_What is expected:_
Only the pictures stay out; every record is to be quoted exactly.
● ● ● ● ● ● ●
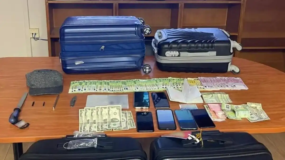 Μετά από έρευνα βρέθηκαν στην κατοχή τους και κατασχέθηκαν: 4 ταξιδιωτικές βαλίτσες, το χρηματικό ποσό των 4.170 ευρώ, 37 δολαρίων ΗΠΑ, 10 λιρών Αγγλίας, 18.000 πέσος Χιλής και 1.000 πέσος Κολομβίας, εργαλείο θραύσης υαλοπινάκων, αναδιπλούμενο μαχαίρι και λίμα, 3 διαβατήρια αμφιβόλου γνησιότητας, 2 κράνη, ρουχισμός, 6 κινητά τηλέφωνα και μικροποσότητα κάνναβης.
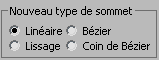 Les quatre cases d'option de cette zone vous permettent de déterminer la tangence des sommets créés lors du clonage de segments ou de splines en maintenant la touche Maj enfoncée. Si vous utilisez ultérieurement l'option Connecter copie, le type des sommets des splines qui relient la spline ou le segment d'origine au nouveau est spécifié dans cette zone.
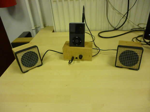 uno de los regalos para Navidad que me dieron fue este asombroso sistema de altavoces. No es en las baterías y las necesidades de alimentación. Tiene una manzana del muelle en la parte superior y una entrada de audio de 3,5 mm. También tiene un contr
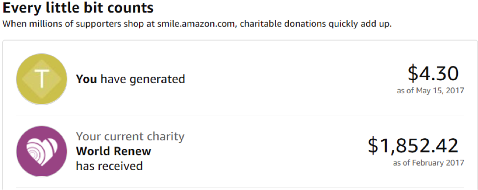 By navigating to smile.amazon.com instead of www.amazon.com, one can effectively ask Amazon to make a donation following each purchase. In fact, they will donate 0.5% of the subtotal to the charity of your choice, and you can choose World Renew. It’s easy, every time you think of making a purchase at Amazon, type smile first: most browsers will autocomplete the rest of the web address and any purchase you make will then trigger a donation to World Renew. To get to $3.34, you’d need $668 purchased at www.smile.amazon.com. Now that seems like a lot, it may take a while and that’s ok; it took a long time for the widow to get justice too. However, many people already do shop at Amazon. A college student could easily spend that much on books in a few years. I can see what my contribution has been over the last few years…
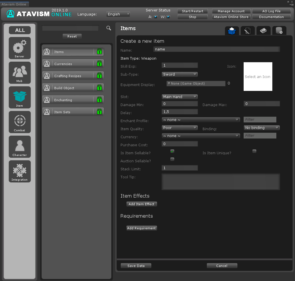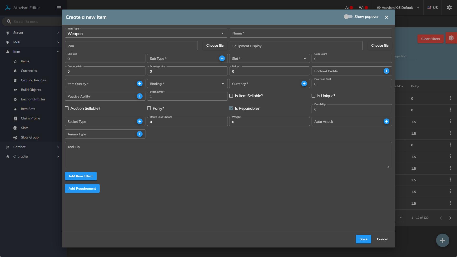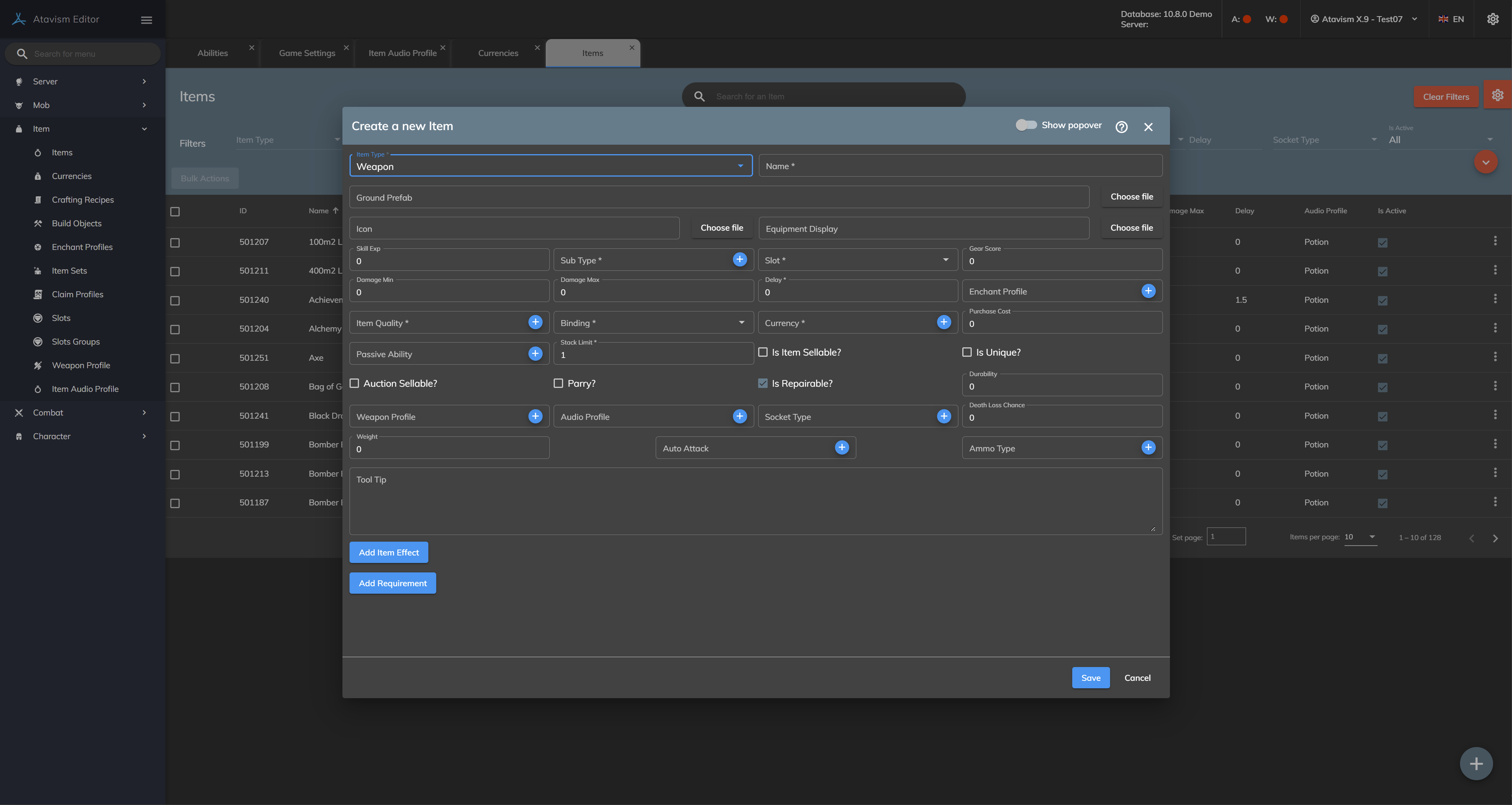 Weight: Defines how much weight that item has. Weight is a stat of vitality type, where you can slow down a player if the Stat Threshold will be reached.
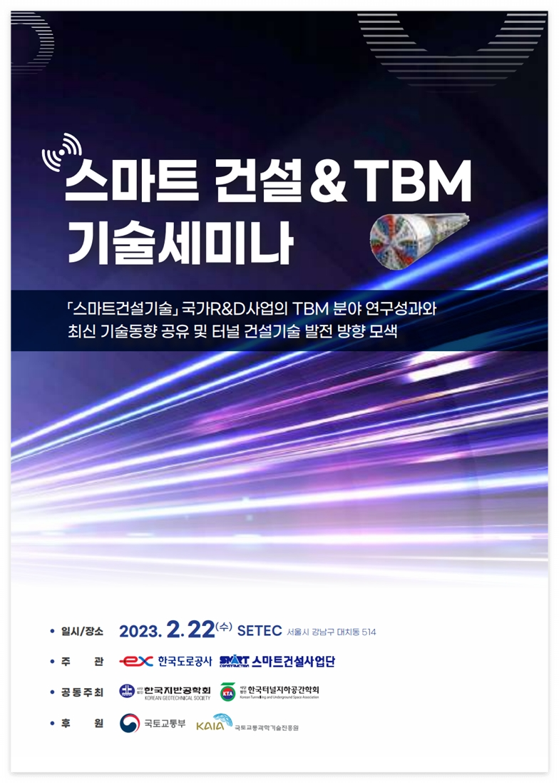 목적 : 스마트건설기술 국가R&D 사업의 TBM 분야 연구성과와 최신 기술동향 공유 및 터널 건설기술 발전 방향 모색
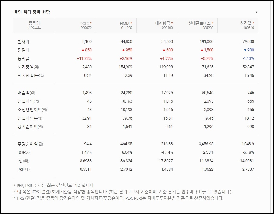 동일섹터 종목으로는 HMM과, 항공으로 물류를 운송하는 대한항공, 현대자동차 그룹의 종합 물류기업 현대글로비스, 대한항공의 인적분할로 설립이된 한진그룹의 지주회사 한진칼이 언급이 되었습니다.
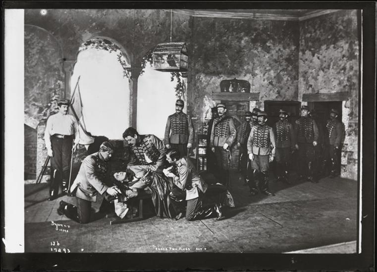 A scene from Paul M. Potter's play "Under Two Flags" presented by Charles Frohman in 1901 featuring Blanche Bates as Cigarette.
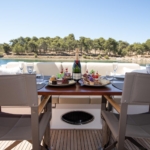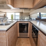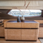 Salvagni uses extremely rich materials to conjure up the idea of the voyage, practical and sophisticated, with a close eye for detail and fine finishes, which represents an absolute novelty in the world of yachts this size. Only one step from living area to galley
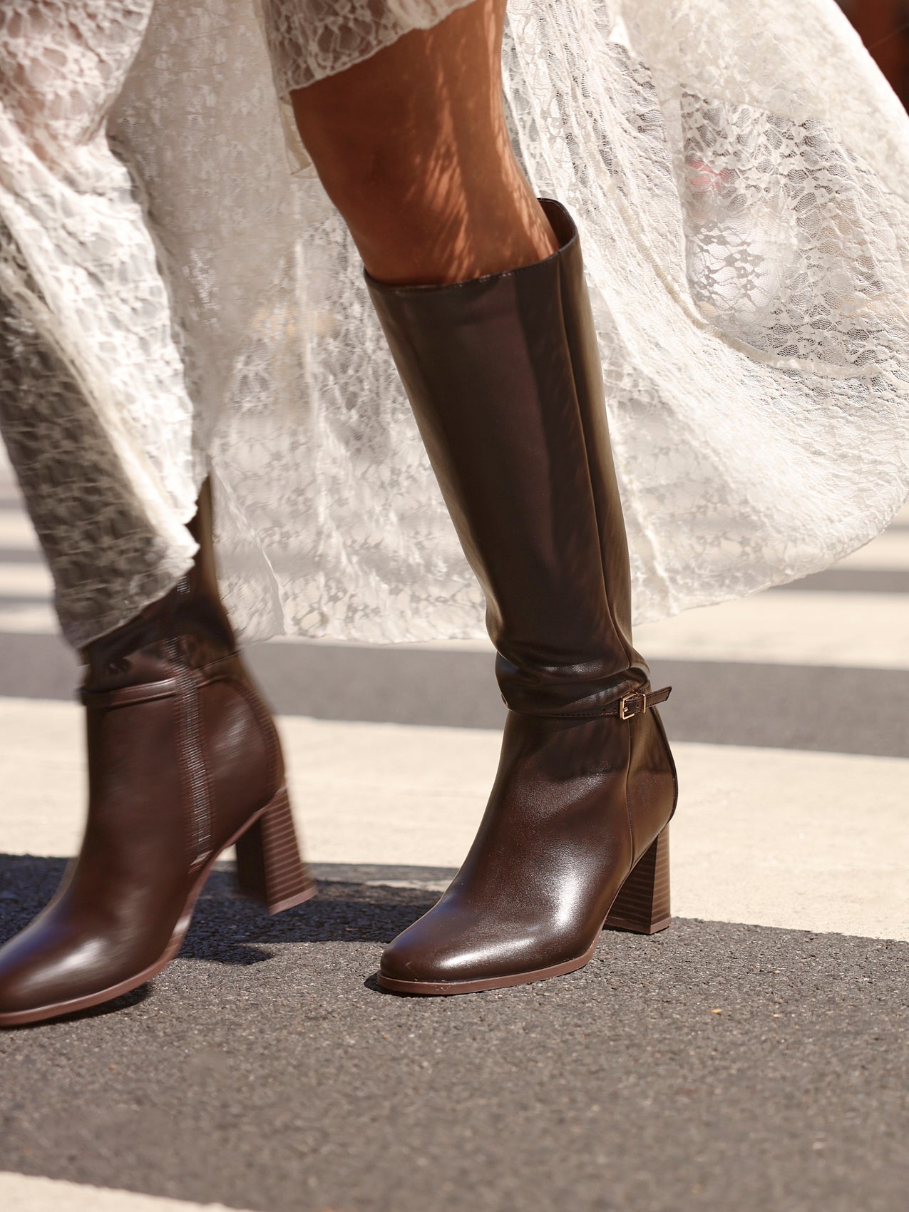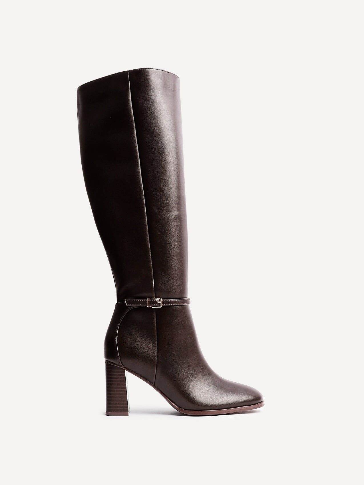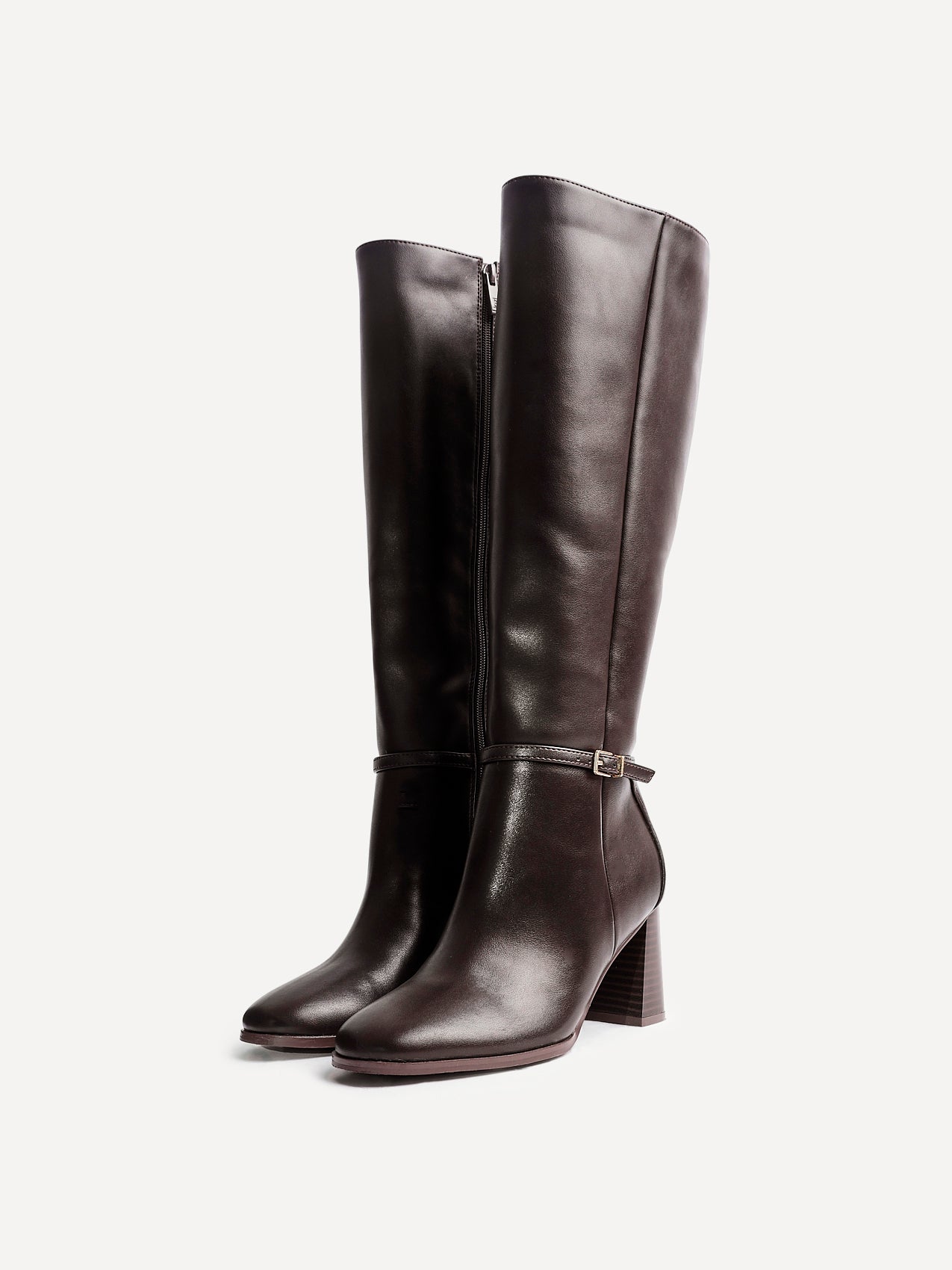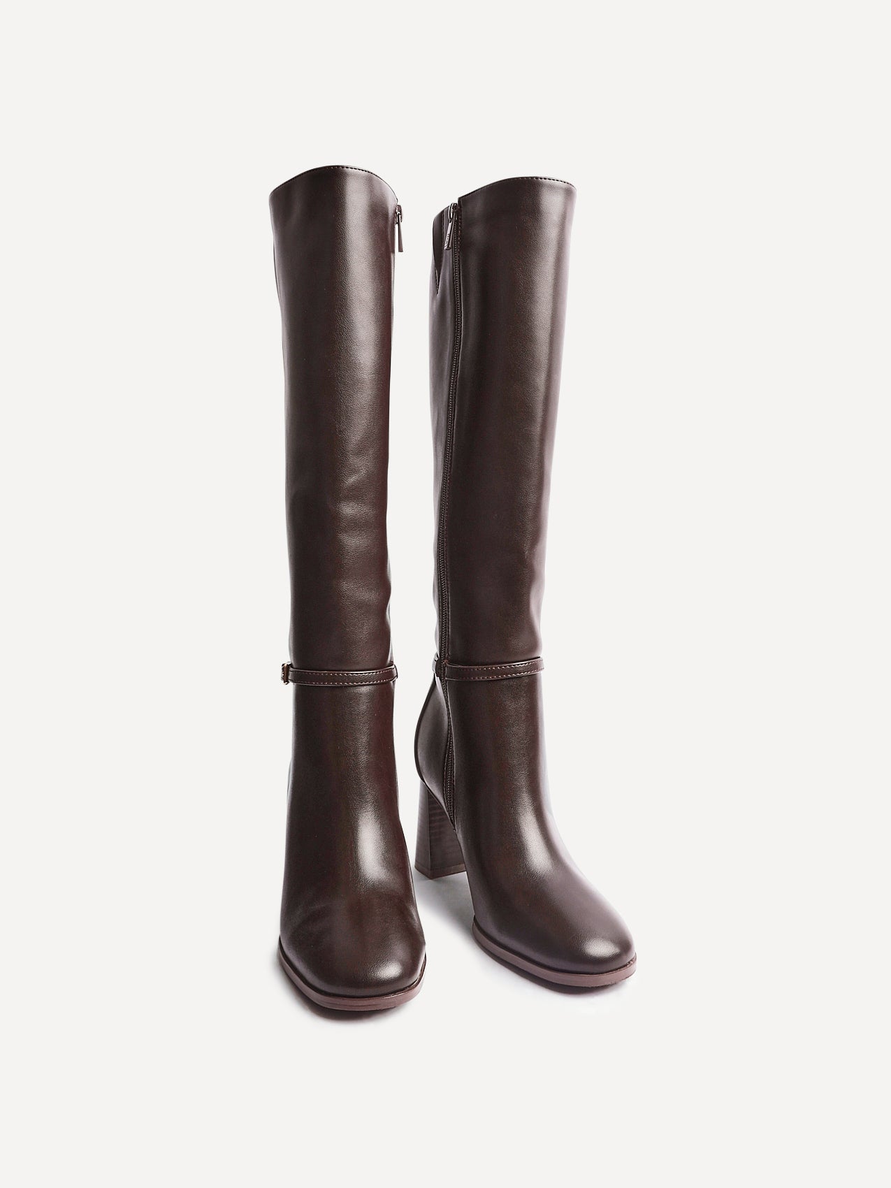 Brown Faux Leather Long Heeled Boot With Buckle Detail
● ● ● ● ● ● ●
_Your solution:_
 Μετά από έρευνα βρέθηκαν στην κατοχή τους και κατασχέθηκαν: 4 ταξιδιωτικές βαλίτσες, το χρηματικό ποσό των 4.170 ευρώ, 37 δολαρίων ΗΠΑ, 10 λιρών Αγγλίας, 18.000 πέσος Χιλής και 1.000 πέσος Κολομβίας, εργαλείο θραύσης υαλοπινάκων, αναδιπλούμενο μαχαίρι και λίμα, 3 διαβατήρια αμφιβόλου γνησιότητας, 2 κράνη, ρουχισμός, 6 κινητά τηλέφωνα και μικροποσότητα κάνναβης.
 Les quatre cases d'option de cette zone vous permettent de déterminer la tangence des sommets créés lors du clonage de segments ou de splines en maintenant la touche Maj enfoncée. Si vous utilisez ultérieurement l'option Connecter copie, le type des sommets des splines qui relient la spline ou le segment d'origine au nouveau est spécifié dans cette zone.
 uno de los regalos para Navidad que me dieron fue este asombroso sistema de altavoces. No es en las baterías y las necesidades de alimentación. Tiene una manzana del muelle en la parte superior y una entrada de audio de 3,5 mm. También tiene un contr
 By navigating to smile.amazon.com instead of www.amazon.com, one can effectively ask Amazon to make a donation following each purchase. In fact, they will donate 0.5% of the subtotal to the charity of your choice, and you can choose World Renew. It’s easy, every time you think of making a purchase at Amazon, type smile first: most browsers will autocomplete the rest of the web address and any purchase you make will then trigger a donation to World Renew. To get to $3.34, you’d need $668 purchased at www.smile.amazon.com. Now that seems like a lot, it may take a while and that’s ok; it took a long time for the widow to get justice too. However, many people already do shop at Amazon. A college student could easily spend that much on books in a few years. I can see what my contribution has been over the last few years…
 Weight: Defines how much weight that item has. Weight is a stat of vitality type, where you can slow down a player if the Stat Threshold will be reached.
 목적 : 스마트건설기술 국가R&D 사업의 TBM 분야 연구성과와 최신 기술동향 공유 및 터널 건설기술 발전 방향 모색
 동일섹터 종목으로는 HMM과, 항공으로 물류를 운송하는 대한항공, 현대자동차 그룹의 종합 물류기업 현대글로비스, 대한항공의 인적분할로 설립이된 한진그룹의 지주회사 한진칼이 언급이 되었습니다.
 A scene from Paul M. Potter's play "Under Two Flags" presented by Charles Frohman in 1901 featuring Blanche Bates as Cigarette.
 Salvagni uses extremely rich materials to conjure up the idea of the voyage, practical and sophisticated, with a close eye for detail and fine finishes, which represents an absolute novelty in the world of yachts this size. Only one step from living area to galley
 Brown Faux Leather Long Heeled Boot With Buckle Detail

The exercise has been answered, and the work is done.